> [EXTRACTED DATA]
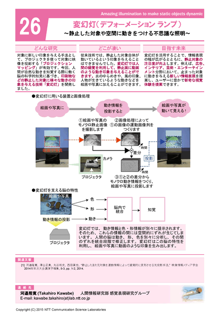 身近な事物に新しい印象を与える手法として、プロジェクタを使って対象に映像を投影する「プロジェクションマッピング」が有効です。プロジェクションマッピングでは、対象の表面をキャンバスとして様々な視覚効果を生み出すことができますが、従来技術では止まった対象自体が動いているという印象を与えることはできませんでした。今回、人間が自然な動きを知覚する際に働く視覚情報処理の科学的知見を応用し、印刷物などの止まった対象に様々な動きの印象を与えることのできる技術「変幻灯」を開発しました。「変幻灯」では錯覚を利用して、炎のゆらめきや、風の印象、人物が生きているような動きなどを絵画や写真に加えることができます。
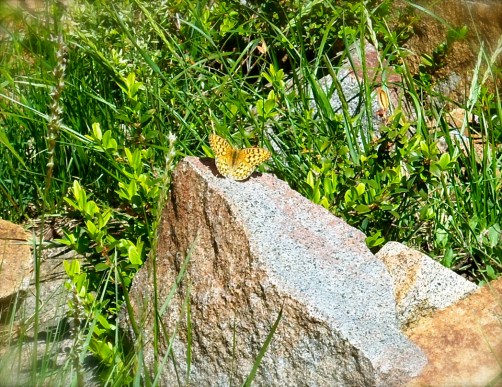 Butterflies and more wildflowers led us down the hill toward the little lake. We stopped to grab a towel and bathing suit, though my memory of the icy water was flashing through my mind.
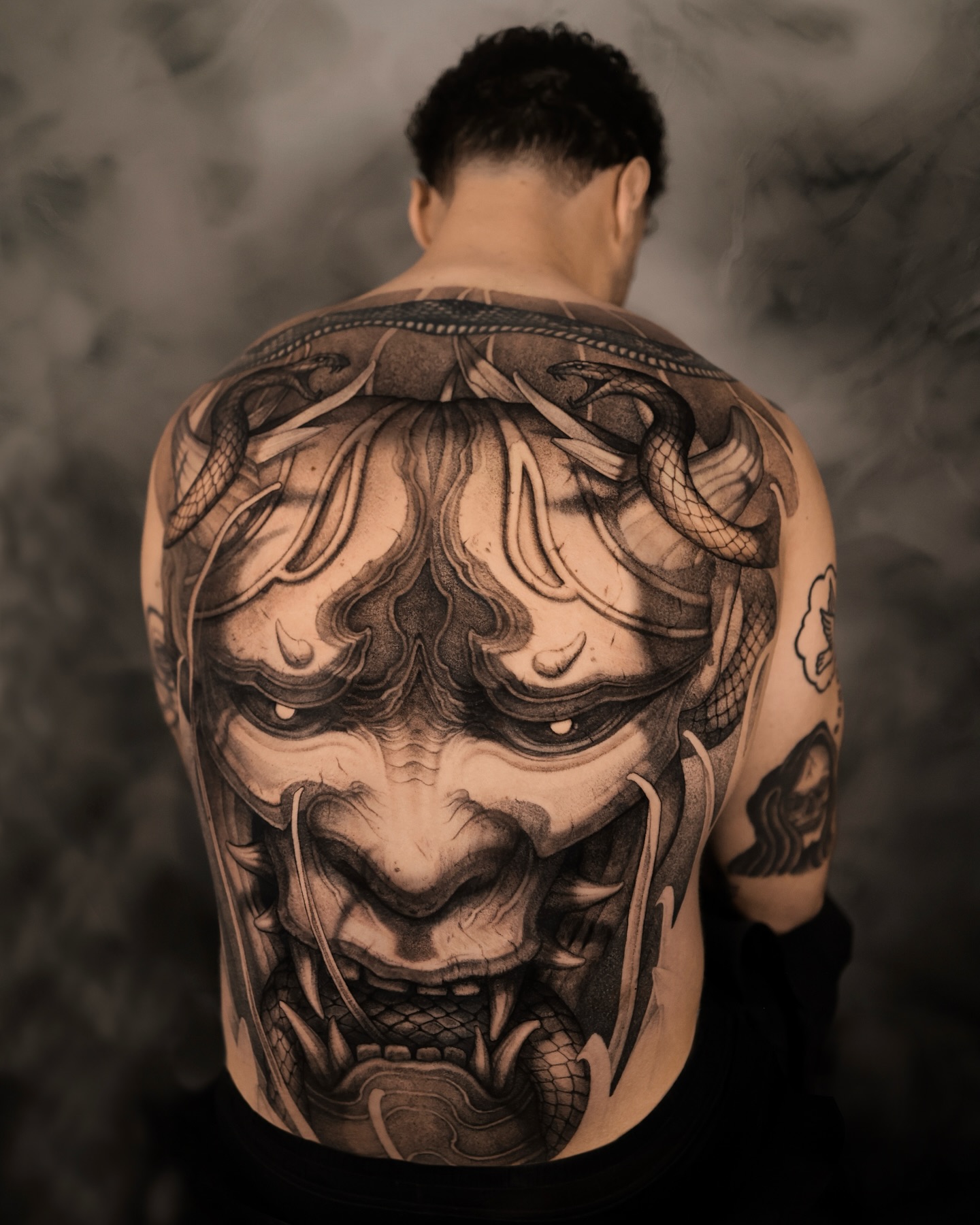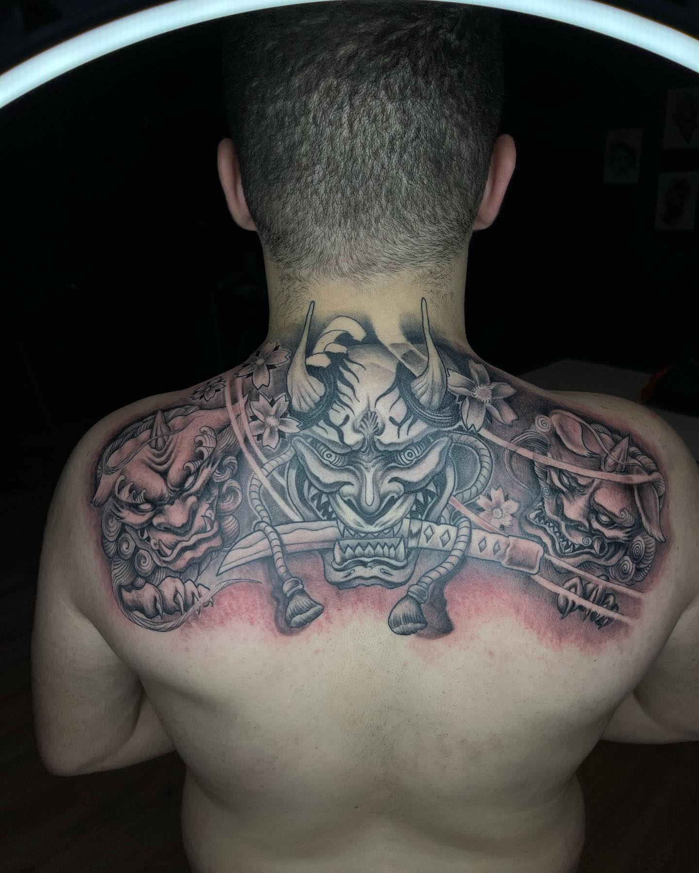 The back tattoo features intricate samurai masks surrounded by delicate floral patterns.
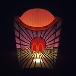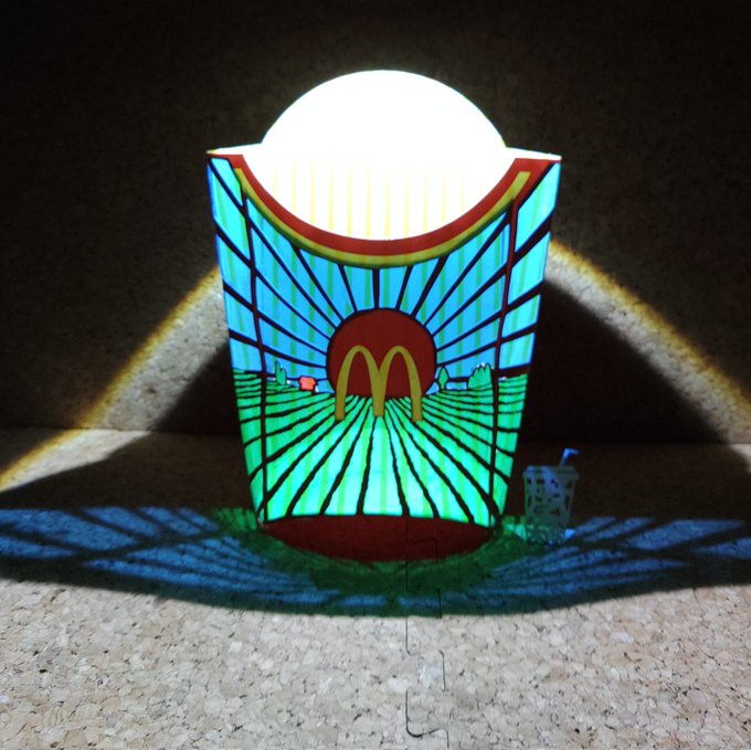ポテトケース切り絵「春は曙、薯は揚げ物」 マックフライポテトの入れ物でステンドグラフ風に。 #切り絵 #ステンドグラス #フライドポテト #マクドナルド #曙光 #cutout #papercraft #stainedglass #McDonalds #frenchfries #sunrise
---
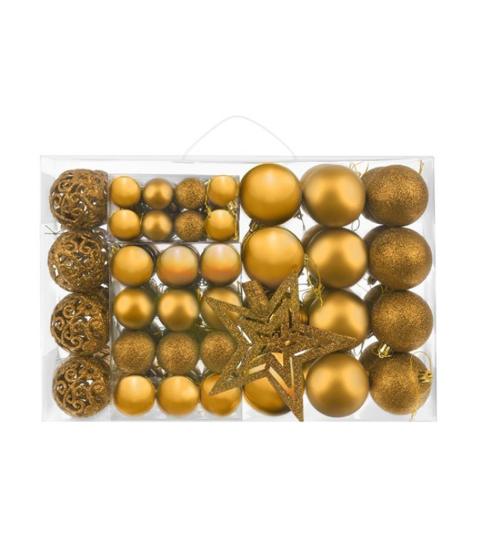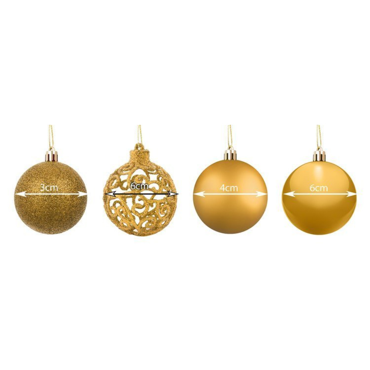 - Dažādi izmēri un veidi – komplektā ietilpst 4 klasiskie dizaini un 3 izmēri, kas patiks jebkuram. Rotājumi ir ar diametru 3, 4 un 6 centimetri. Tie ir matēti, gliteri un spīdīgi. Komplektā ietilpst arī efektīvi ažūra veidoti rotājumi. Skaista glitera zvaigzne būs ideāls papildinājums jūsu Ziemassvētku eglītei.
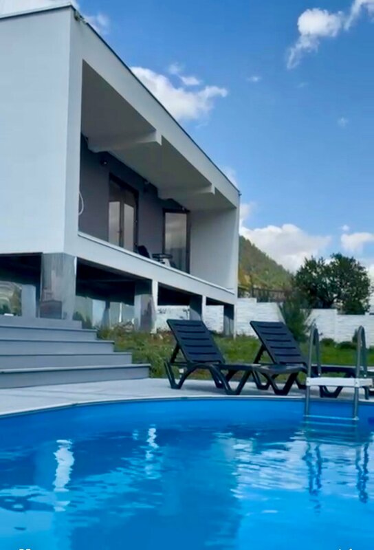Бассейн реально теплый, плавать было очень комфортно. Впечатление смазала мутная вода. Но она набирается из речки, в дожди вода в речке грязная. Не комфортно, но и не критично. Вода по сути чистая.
--
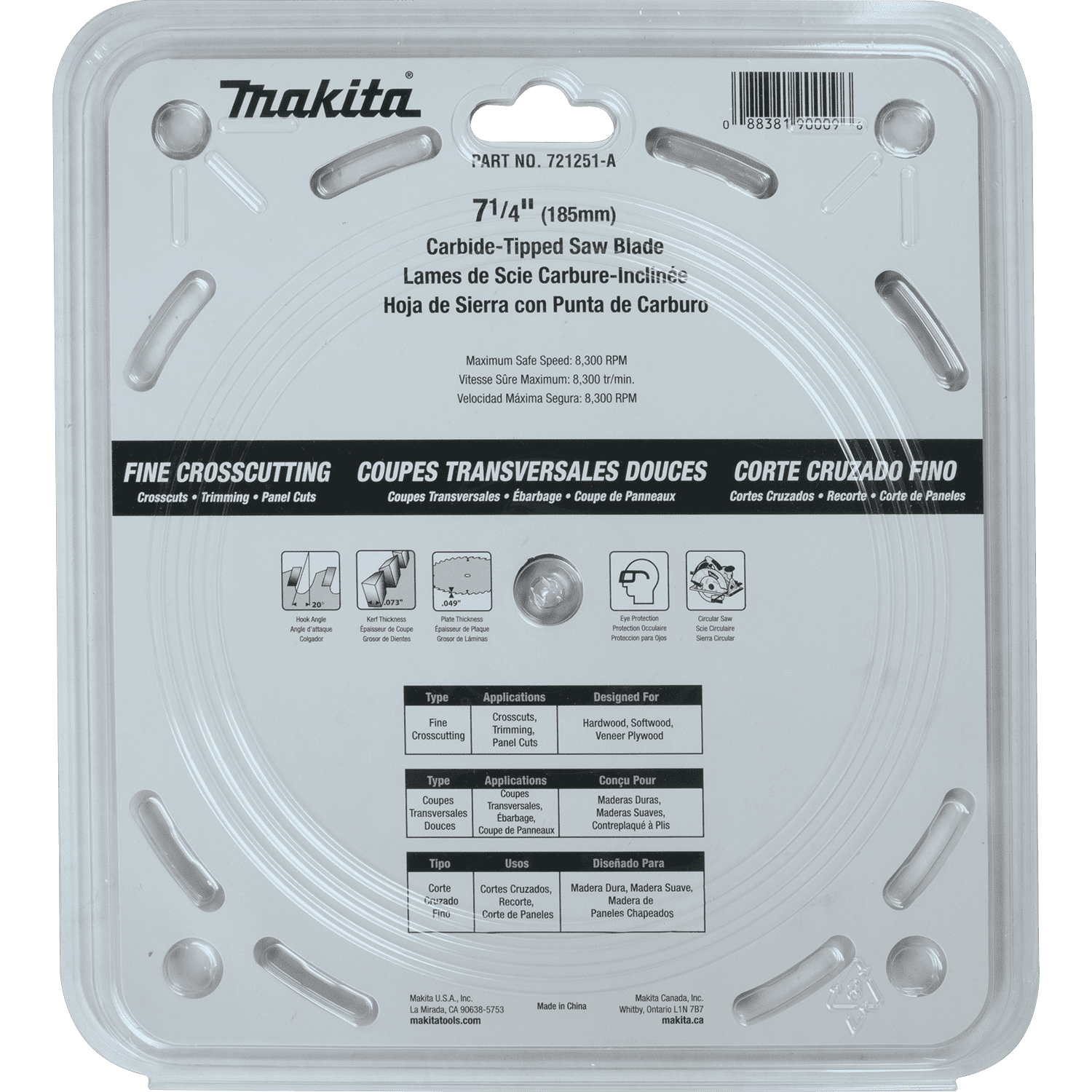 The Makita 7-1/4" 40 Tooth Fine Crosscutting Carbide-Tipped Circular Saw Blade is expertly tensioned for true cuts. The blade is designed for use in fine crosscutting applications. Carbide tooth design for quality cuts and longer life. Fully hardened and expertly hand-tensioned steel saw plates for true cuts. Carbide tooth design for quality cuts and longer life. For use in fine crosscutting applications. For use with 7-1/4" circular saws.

> [WHAT YOU NEED TO DO] An exact copy is needed of the entries above, starting at the line that holds "- Dažādi izmēri" and stopping at the line that holds "Бассейн реально теплый, плавать", both kept; pictures stay out.

> [RESPONSE TO THIS TASK]
 - Dažādi izmēri un veidi – komplektā ietilpst 4 klasiskie dizaini un 3 izmēri, kas patiks jebkuram. Rotājumi ir ar diametru 3, 4 un 6 centimetri. Tie ir matēti, gliteri un spīdīgi. Komplektā ietilpst arī efektīvi ažūra veidoti rotājumi. Skaista glitera zvaigzne būs ideāls papildinājums jūsu Ziemassvētku eglītei.
Бассейн реально теплый, плавать было очень комфортно. Впечатление смазала мутная вода. Но она набирается из речки, в дожди вода в речке грязная. Не комфортно, но и не критично. Вода по сути чистая.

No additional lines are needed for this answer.